### TASK GOAL
The lines from the one with "and well-designed (platform" through the last line of the material below, copied exactly and free of pictures, make up the whole answer.

### COLLECTED MATERIAL

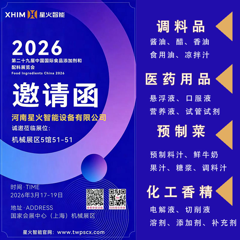此次星火智能攜調料汁灌裝及設備亮相FIC2026,會在展會上展示調料汁灌裝機設備的一整套運作能力,讓用戶親眼看到液體物料從原材料直至成品輸出的整個運作流程,助力食品行業的高質量發展,歡迎來自全國各地域的知名人士前來參展觀看。
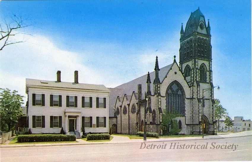 Printed on verso: Christ Church 960 East Jefferson Ave., Detroit, Mich. with its lovely interior and many beautiful memorials is the oldest Protestant religious site in the city. Adjoining it is Sibley House, the rectory, which is the oldest house in the city preserved in its original dimensions.
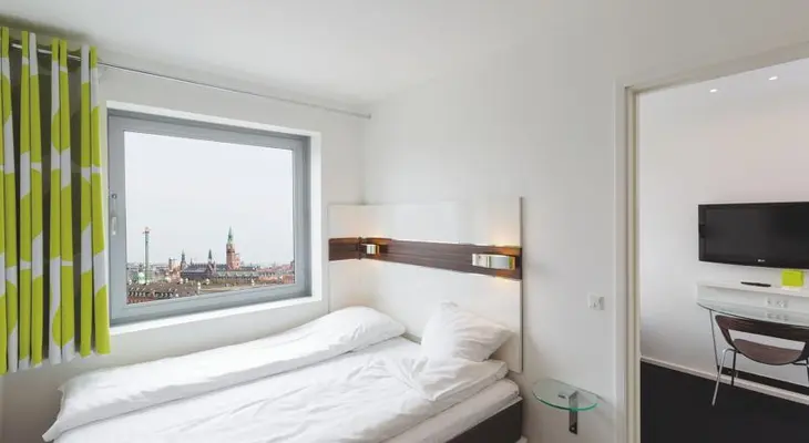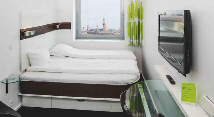 "Crisp and well-designed (platform bed, space-saving wall-bolted tables) and you'll find that, in a town as expensive as Copenhagen, it's everything you need to be happy." Full review
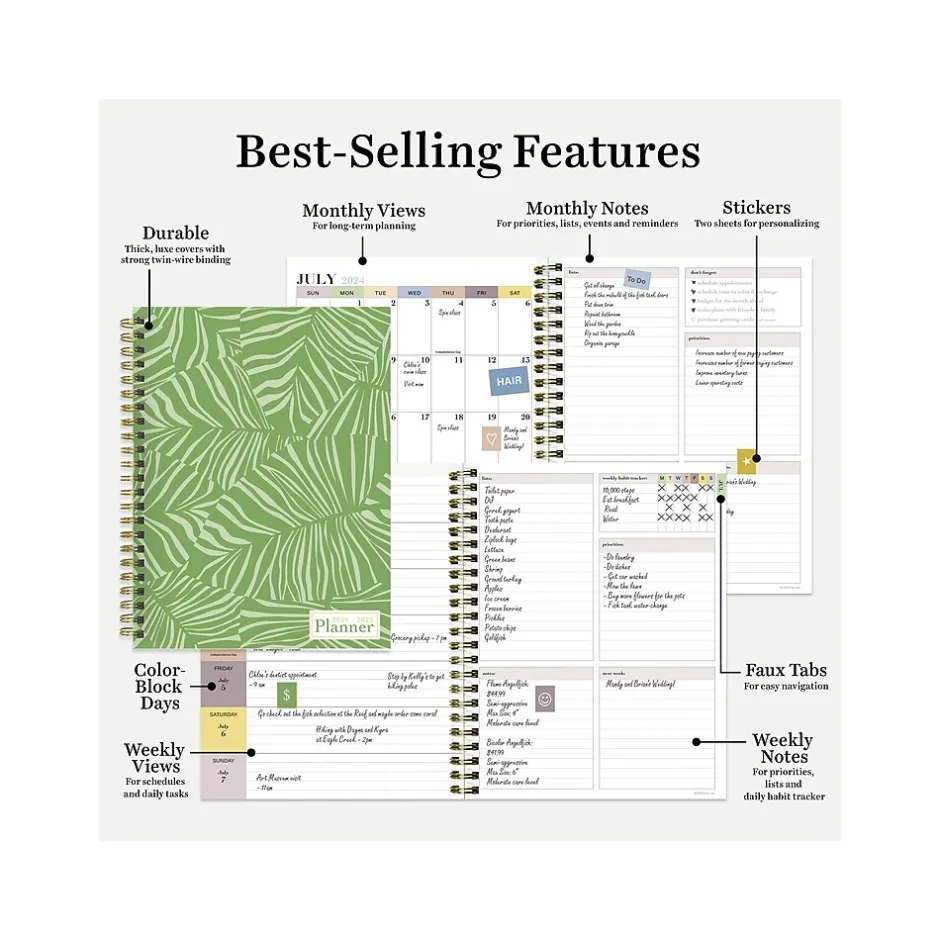 - One month per view, one week per view, monthly lists, weekly habit tracker, weekly notes, weekly priorities, weekly lists, and color-segmented days

### EXERCISE SOLUTION
 "Crisp and well-designed (platform bed, space-saving wall-bolted tables) and you'll find that, in a town as expensive as Copenhagen, it's everything you need to be happy." Full review
 - One month per view, one week per view, monthly lists, weekly habit tracker, weekly notes, weekly priorities, weekly lists, and color-segmented days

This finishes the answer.